John Prescott may have his troubles, but he has a fan in novelist Jilly Cooper, who has confessed an obsession with the deputy prime minister.
The author was at Hay talking about her latest book Wicked!
The "queen of the bonkbuster" told the Hay Festival that she used to "quite fancy" him when she was younger.
"I come from Yorkshire and we like chunky men up there," she said.
As Mr Prescott gave up Dorneywood, the grace-and-favour mansion where he was photographed playing croquet, she joked about basing her next book on the game.
Asked by a member of the audience why her books were so heavy to read in bed, Cooper apologised, saying it was really "like a wardrobe or John Prescott falling on you".
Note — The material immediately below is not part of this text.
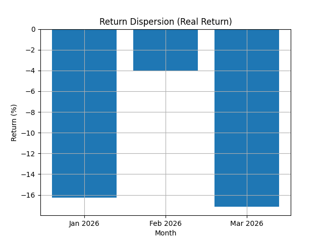 The dispersion characteristics of the dataset further reinforce the cyclical nature of the observed behavior. The quarterly dispersion range of 0.135 percentage points, combined with a best monthly return of -4.02% and a worst monthly return of -17.12%, suggests a compressed but consistently negative return distribution. The median monthly return of -16.27% indicates that the central tendency of the period aligns closely with the lower bound of the observed range, reflecting a persistent contraction rather than isolated volatility. This pattern reflects a short-term cyclical drawdown rather than structural instability, as the magnitude and clustering of returns remain within a defined and repeatable range.

Cooper, a former journalist and confidante of the royal family, takes on a campaigning role in her latest 860-page epic Wicked!.
She has turned her pen - famous for its sex and jodhpurs stories such as Polo - to education, interweaving both state and public education systems.
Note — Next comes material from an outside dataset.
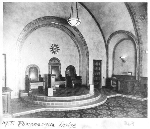 Romanesque Lodge of the Masonic Temple. Written on photo front: "M.T. Romanesque Lodge."

Wicked! is already number one on the original fiction bestsellers' list.
The book took four years to write and involved heavy research including teaching a lesson herself in a girl's comprehensive.
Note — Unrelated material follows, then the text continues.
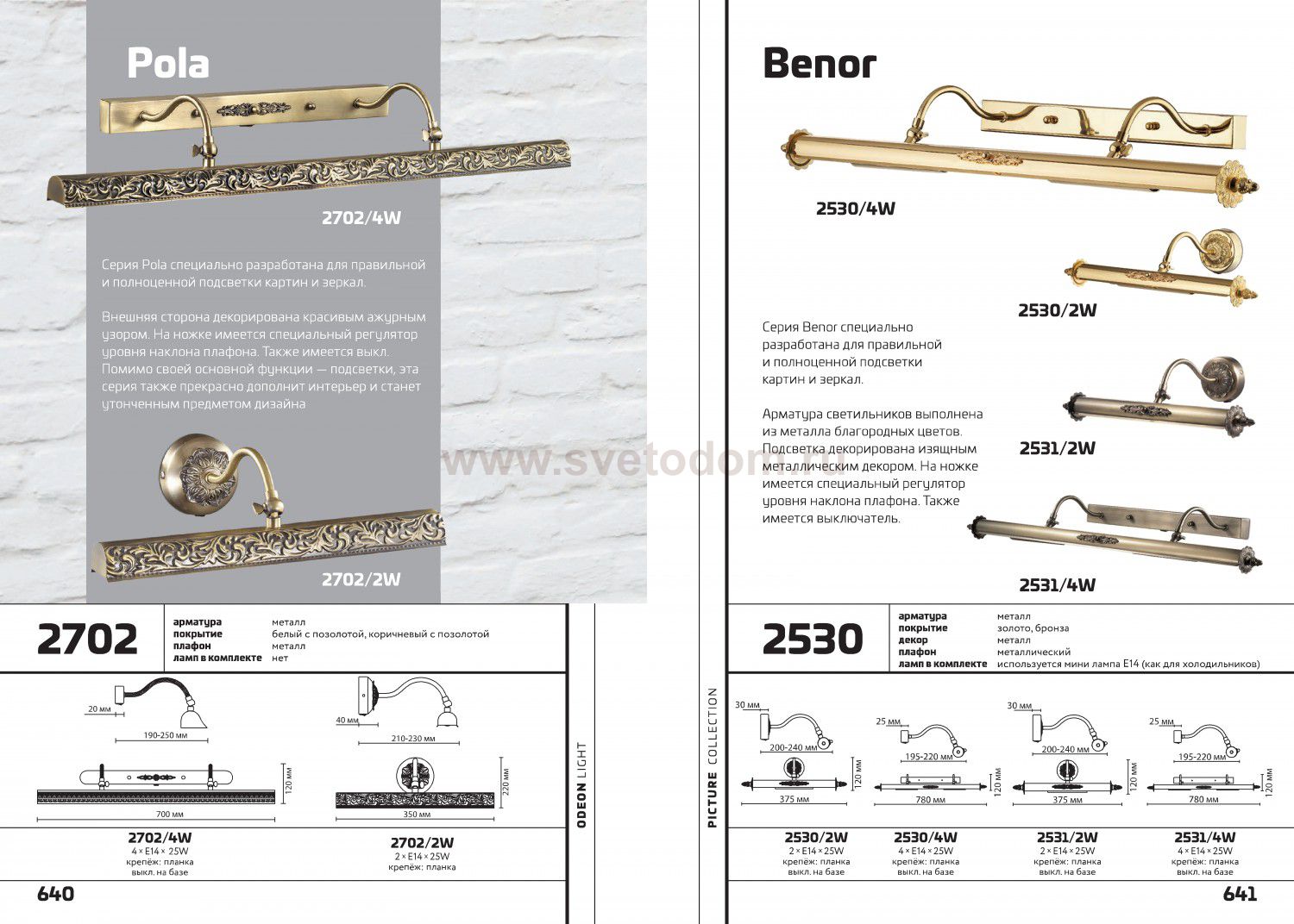 Храктерная особенность артикула 2530/4W: Подсветка для картин 2530/4W серии Benor специально разработана для правильной и полноценной подсветки картин и зеркал. Арматура светильника из металла цвета золото. Подсветка декорирована изящным металлическим декором. На ножке имеется специальный регулятор уровня наклона плафона. Также имеется выключатель. Цоколь E14. Мощность 4*25W. Нет ламп в комплекте.

The writer said she was appalled by some of the things she discovered, such as children forced to be a family's main wage-earner or other children who would go home "to find their mother lying in a drunken stupor in the corner".
The writer said school for some was their only reality and sanctuary.
"When they get home they are probably knocked about."
She also criticised the government and education authorities for writing off failing schools too quickly.
The novelist recalled her own school days at boarding school with some horror, remembering how she had returned from a spell in the school sanatorium and dropped her knickers on the playing field.
The headmistress said in front of the whole school that she had found Jilly's knickers on the goalpost.
Wicked! breaks new ground for her, including under-age sex, but the writer did not apologise for this.
"My experience of schools is that children do occasionally get off with each other," she said.
She also talked about the positive influence of the Olympics going to London in 2012.
"It's win win win because of the Olympic Games. I've got this image of Ruth Kelly (the former education secretary) tugging a playing field out from under John Prescott's home."